Former cult members extradited to the US: Women flown under police guard to Oregon for trial on charges of conspiracy to murder, after losing long legal fight. Steve Boggan reports
Sally Croft, 44, and Susan Hagan, 47, former members of the Bhagwan Shree Rajneesh sect in Antelope, Oregon, decided to fight no further after accusing Michael Howard, the Home Secretary, of pandering to American public opinion.
Their last two High Court applications fell by the wayside yesterday with Lord Justice Steyn and Mr Justice Kay describing them as 'abuses of the legal process'. They said they would not seek leave to appeal against yesterday's ruling either to the Court of Appeal or to the House of Lords.
Five hours after the ruling the women were put on board a United Airlines flight to New York, accompanied by two police guards. Their final destination today is Portland, where the conspiracy was allegedly hatched.
Ms Croft and Ms Hagan left the Rajneeshee community in 1985 but were told in 1990 that they were accused of conspiring to murder Charles Turner, the US attorney who was investigating the sect. Mr Turner was never harmed.
Alun Jones QC, counsel for the women, had argued that Mr Howard had behaved 'irrationally' by refusing to debate their case. He also claimed that the women faced religious prejudice in Oregon, where the Rajneeshees are widely despised.
But, despite the production of highly emotive news footage broadcast in Oregon and a poll showing that 43 per cent of Oregonians consider the women guilty, the judges ruled that there was no risk of prejudice against them.
After four unsuccessful judicial reviews and three applications for writs of habeas corpus, the women decided to fight no more.
'We have a home secretary of so little integrity that we considered it a waste of time to proceed,' said Ms Croft, an accountant from Totnes, Devon.

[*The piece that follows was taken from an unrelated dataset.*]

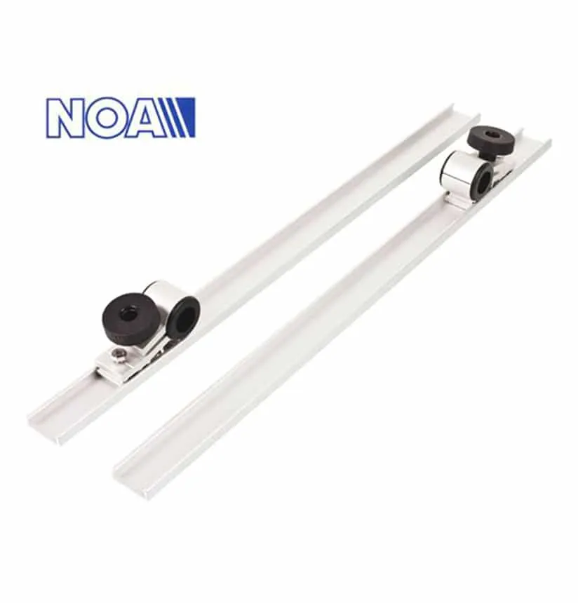 NOA zonnepaneel houder voor gemakkelijke en stevige montage van een zonnepaneel op de hekstoel. De hellingshoek ten opzichte van de zon is volledig verstelbaar en het paneel kan op het frame worden verplaatst om schaduwen te vermijden. Perfect te combineren met de zonnepanelen van Sunpower. De lengte van elke houder is 650mm. Levering is compleet en klaar voor montage incl. NOA fittingen. Vuistregel: geschikt voor maximaal 100 Watt glaspaneel. Bij grotere panelen is het verstandig het paneel met een derde ligger te ondersteunen.
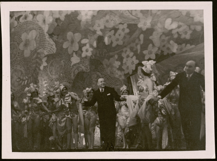Jacinto Guerrero saluda con el reparto al final de una representación

'He has refused to listen to concerns about the case in the House of Lords and the House of Commons. I feel I have been let down by my country because we don't have a Home Secretary with the courage to break (a) 124-year tradition of extraditing everyone America asks for.'
As soon as the applications fell, Nicholas Parker, counsel for Mr Howard, said the women would be put on an aircraft at 6pm. He opposed granting bail until that time, but his opposition was rejected, allowing the women the dignity of travelling freely to Heathrow airport to present themselves to police.
Ms Croft, accompanied by her partner Malcolm Parlett, and Ms Hagan, with her daughter Katharine, 18, and son Nicholas, 23, travelled by Underground surrounded by a posse of journalists, photographers and cameramen.
''I feel absolutely devastated,' said Ms Hagan, an aromatherapist. 'I have no complaints about the legal process but I do about the way it is hamstrung by political considerations.
'The Home Secretary is supposed to be a safeguard to prevent Britons being sent somewhere where they won't get a fair trial. In this instance, I don't believe we will get a fair trial.'
Both women deny knowing about, or being part of, any conspiracy.
Andrew McCooey, Ms Croft's solicitor, was stunned by the decision to extradite them. 'You could understand it if there was a body, or if a gun was fired, or if someone was in hospital,' he said.
'But nothing like that happened. We're sending two innocent women into a lion's den. There is not a shred of credible evidence against them. We're just ruining two lives to keep the Yanks happy.'
Prosecutors in America have already indicated that they intend to oppose bail for the women. But Lord Scarman, formerly one of the country's most eminent judges, has written in support of the women's applications for bail as part of a growing campaign in support of the women in Parliament.
If convicted, the maximum sentence that can be imposed is life, but American lawyers are predicting the women will get 20 years.